Глава 5. Опять Сахаров
Жизнь после ухода из Курчатника поначалу казалась скучной. Я устроился лаборантом в больничную лабораторию, но не мог усидеть на месте, охваченный жгучей необходимостью делать что-то важное. У меня не было будущего в этой стране, мне нечего было бояться и нечего терять, так почему же я прячусь в крысиной норе, слушая «Голос Америки», который рассказывает мне, как другие люди борются за то, во что верят?

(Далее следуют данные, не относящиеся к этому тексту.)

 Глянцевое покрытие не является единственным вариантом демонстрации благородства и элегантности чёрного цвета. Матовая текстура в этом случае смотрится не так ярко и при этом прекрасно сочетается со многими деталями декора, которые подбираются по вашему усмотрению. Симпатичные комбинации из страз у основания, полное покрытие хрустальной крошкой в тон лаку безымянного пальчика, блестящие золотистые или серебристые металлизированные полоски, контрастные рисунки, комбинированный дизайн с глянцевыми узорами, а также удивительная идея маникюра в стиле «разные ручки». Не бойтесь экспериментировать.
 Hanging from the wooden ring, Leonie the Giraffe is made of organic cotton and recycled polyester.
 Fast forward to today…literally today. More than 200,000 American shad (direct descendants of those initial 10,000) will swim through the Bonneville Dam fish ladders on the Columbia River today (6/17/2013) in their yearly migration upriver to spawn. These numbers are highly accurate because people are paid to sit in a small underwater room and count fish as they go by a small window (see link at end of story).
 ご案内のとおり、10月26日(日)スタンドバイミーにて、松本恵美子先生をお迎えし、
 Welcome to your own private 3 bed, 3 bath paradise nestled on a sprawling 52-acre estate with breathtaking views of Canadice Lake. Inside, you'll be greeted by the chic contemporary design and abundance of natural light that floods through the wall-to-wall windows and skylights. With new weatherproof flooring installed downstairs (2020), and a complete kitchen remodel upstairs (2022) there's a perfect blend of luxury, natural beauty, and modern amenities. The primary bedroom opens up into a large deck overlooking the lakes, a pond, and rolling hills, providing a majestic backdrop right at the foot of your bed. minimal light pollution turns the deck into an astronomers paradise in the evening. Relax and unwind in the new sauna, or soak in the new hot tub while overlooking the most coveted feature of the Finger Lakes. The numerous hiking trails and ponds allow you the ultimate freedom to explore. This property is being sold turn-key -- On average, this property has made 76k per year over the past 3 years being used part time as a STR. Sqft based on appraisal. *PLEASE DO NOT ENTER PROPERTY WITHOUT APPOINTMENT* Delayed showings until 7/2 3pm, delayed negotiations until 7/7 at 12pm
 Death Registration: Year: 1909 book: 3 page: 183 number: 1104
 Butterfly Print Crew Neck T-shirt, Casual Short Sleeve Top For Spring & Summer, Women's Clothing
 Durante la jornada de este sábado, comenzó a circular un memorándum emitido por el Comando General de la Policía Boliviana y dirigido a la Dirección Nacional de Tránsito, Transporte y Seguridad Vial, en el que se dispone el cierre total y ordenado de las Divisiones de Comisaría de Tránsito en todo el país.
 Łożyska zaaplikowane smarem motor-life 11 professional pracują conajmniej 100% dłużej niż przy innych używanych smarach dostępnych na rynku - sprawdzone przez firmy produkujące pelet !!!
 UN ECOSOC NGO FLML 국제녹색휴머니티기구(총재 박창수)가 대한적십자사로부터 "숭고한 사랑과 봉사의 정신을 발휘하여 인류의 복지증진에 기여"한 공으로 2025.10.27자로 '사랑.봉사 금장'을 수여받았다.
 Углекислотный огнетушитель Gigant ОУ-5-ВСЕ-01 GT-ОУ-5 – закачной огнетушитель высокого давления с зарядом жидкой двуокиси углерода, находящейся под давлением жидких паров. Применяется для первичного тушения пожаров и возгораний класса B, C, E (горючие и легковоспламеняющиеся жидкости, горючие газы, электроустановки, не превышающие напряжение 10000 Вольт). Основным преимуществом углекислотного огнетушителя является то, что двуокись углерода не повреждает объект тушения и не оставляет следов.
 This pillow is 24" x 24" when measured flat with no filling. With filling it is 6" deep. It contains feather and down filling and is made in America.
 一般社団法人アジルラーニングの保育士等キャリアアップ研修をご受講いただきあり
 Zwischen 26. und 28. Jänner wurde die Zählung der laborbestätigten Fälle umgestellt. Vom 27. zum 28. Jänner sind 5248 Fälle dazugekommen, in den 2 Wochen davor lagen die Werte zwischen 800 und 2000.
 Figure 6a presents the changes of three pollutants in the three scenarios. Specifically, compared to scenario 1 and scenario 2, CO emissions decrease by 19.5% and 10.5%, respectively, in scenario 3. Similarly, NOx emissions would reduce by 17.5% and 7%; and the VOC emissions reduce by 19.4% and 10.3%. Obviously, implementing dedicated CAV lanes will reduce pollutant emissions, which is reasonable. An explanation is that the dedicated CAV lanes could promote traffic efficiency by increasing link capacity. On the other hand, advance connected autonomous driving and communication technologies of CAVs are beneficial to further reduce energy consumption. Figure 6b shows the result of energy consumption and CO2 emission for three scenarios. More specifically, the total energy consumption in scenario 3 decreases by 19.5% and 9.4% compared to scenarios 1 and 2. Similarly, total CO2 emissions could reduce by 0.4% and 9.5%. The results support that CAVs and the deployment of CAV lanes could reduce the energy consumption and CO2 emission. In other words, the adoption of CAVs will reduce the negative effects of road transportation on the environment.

Наконец, в начале октября у меня появилась возможность попробовать себя в деле. Лена Афанасьева (Афоня) познакомила меня с активным диссидентом, журналистом-отказником Кириллом Хенкиным, который был неофициальным пресс-секретарем диссидентского сообщества. Мы быстро сблизились, хотя он был на 25 лет старше. С его французским шейным платком и безупречными манерами, ироничный, благородный Кирилл был для меня воплощением европейца.
Кирилл представлял перед иностранными корреспондентами («коррами», как мы их называли) как еврейских отказников, так и диссидентов (их называли «демократами»), выступавших за права человека, свободу слова и т. п. Летом 1973 года Кирилл неожиданно получил выездную визу и предложил мне занять его место в качестве связующего звена между активистами и коррами – деятельность, которая была столь же значимой, сколь и опасной.
– Алик, где вы работали? В Курчатовском? – спросил он. – Вам все равно не дадут визу. Ваш единственный шанс выбраться отсюда – это стать такой занозой, что власти сами предпочтут от вас избавиться. В моем случае это сработало. Я называю это «принципом Фишера».
И он рассказал мне удивительную историю своей жизни.
Кирилл был несостоявшимся шпионом. Ребенком родители увезли его во Францию, где он вырос в среде эмигрантской молодежи, дружил с Цветаевой, учился в Сорбонне, а в 1937 году уехал воевать в Испанию на стороне республиканцев. После победы Франко он вернулся во Францию, а когда нацисты взяли Париж, уехал в Америку. После нападения Гитлера на СССР Кирилл в порыве романтического патриотизма вернулся в Россию по морю – из Сан-Франциско во Владивосток.
– Я понял, как горько ошибся, как только ступил на советскую землю, – рассказывал Кирилл, – но деваться уже было некуда.
Кирилла, свободно говорившего по-французски и по-английски, немедленно забрали в разведшколу НКВД, чтобы готовить к отправке в Европу. И тут ему встретился человек, перевернувший его жизнь: его инструктором по шпионскому ремеслу оказался немецкий коммунист Вилли Фишер, впоследствии прославившийся под именем супершпиона Рудольфа Абеля[20]. Фишер сразу понял, что Кирилл сделан не из того теста, чтобы быть шпионом, но молодой человек ему понравился, и Фишер научил его, как уйти из НКВД, не угодив при этом в ГУЛАГ.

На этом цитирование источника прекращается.